Quelque part dans le sud du Mur Maria, au même instant

« Allez, uh, dadas ! » s'exclama une énième fois Kenny avec entrain. Le cheval blanc et l'autre en rab qu'on lui avait prêtés accélérèrent encore. « C'est que vous fatiguez pas, couillons ! Tu m'étonnes que le Bataillon tienne à ses canassons comme à la prunelle de ses yeux ! »

Cela faisait des heures qu'ils galopaient à pleine vitesse, et l'animal qu'il montait paraissait presque enjoué. Lui et l'homme venaient certainement de nouer un lien affectif très puissant, car il obéissait au moindre de ses ordres. Son comportement était d'ailleurs étonnant : c'était l'étalon d'Erwin, et il avait jusque-là cru à l'adage « tel maître, tel bestiau »...

Non. Il fronça les sourcils. C'est pas plutôt « tel vieux, tel gosse » ?

Il réfléchit un instant. Sa mère était chauve, routière, et jouait du triangle comme une pro. Il lui ressemblait un peu – sauf sur les cheveux, mais il n'était pas à un détail près. Ce principe fonctionnait donc. Mais son frère, Philippe, était l'allégorie de la lâcheté, pour avoir abandonné Aline et Antoine – ou plutôt, Livaï. Et il s'était casé avec quelqu'un d'autre après, le con !

Or, Livaï était un type costaud et insultant... Donc la vie amoureuse était inexistante. Rien à voir, en somme. Alors, cette belle phrase philosophique était-elle fausse ? Oui, trancha-t-il. Satisfait de sa réflexion, il se concentra de nouveau sur sa route.

La plaine qui l'entourait était humide, sombre, et tellement plate qu'il s'était mis à compter les arbres. Il en était à douze. En bref, il n'y avait rien ici, et il en était profondément dépité... Mais il paraissait qu'il y avait un village en face. Il avait tellement hâte de voir ça qu'il jubilait, tout seul sur sa selle.

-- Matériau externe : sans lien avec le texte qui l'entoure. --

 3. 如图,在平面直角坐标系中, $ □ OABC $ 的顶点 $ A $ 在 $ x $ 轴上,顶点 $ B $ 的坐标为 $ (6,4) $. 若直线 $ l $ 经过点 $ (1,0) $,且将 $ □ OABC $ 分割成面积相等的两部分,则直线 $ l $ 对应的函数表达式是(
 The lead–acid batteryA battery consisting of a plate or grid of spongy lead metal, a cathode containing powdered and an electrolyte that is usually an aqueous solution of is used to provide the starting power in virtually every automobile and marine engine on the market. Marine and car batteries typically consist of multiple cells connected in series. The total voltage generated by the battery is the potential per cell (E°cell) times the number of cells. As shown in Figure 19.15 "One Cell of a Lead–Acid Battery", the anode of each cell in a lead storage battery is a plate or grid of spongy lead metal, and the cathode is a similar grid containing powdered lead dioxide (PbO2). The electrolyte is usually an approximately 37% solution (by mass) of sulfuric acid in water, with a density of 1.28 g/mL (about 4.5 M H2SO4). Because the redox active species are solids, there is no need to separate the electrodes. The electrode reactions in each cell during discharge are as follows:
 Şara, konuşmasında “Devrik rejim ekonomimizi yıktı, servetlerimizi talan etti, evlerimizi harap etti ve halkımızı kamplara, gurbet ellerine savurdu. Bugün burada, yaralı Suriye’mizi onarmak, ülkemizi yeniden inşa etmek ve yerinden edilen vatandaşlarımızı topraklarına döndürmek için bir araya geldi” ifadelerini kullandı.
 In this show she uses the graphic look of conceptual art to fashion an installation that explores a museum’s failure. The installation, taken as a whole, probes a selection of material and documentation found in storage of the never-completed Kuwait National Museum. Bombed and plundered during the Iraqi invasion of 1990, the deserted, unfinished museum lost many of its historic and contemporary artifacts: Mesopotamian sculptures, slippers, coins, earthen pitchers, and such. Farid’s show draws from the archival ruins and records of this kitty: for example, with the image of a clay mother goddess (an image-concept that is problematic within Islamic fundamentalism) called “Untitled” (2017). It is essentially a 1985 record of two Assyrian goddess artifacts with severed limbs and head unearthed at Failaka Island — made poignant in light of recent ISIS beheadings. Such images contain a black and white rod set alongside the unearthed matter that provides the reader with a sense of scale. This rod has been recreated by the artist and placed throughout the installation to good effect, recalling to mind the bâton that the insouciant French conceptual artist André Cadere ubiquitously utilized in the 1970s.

Il jeta un œil à son équipement. Il était classe, avec ses bouteilles de gaz accrochées aux cuisses. A sa ceinture, deux pistolets courts, et des grenades. Deux fourreaux de trois lames chacun sucraient le tout. Un hybride entre la version des Murs et celle des américains : il était tout bien outillé pour foutre des tatanes à ceux qu'il croiserait, humains ou titans.

« Ah, le voilà ! » dit-il en apercevant enfin les bâtisses. Il remit son chapeau droit. « Enfin un peu de paysage ! M'enfin, j'ai quand même mal au cul... » Il fronça le nez. « Ils ont intérêt à pas être trop loin, y a le retour à faire. »

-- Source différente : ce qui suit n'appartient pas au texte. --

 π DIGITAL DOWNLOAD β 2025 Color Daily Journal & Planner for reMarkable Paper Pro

Il laissa échapper un léger soupir. La situation était familière : il se souvenait trop bien du jour où Marion était venue dormir chez eux, et qu'elle et Antoine avaient décidé de faire une promenade nocturne. C'est qu'il avait flippé, en voyant la chambre vide. Lui et Isaac avaient à l'époque été chargés par les américains de la surveiller. Ces mêmes américains à qui il avait caché le fait qu'Antoine était le fils de Philippe – sinon, ils auraient immédiatement tenté de le récupérer.

Le con l'avait pris par les sentiments, à venir chialer sa race dans son manteau. « Fabien, je t'en supplie, veille sur eux, ne dis rien à l'armée, je ne peux pas, pas avec notre sang », gnagnagna... A ce souvenir, ses traits se blasèrent d'eux-mêmes. Fous-toi de ma gueule. Tu t'es fourré avec une autre nana après.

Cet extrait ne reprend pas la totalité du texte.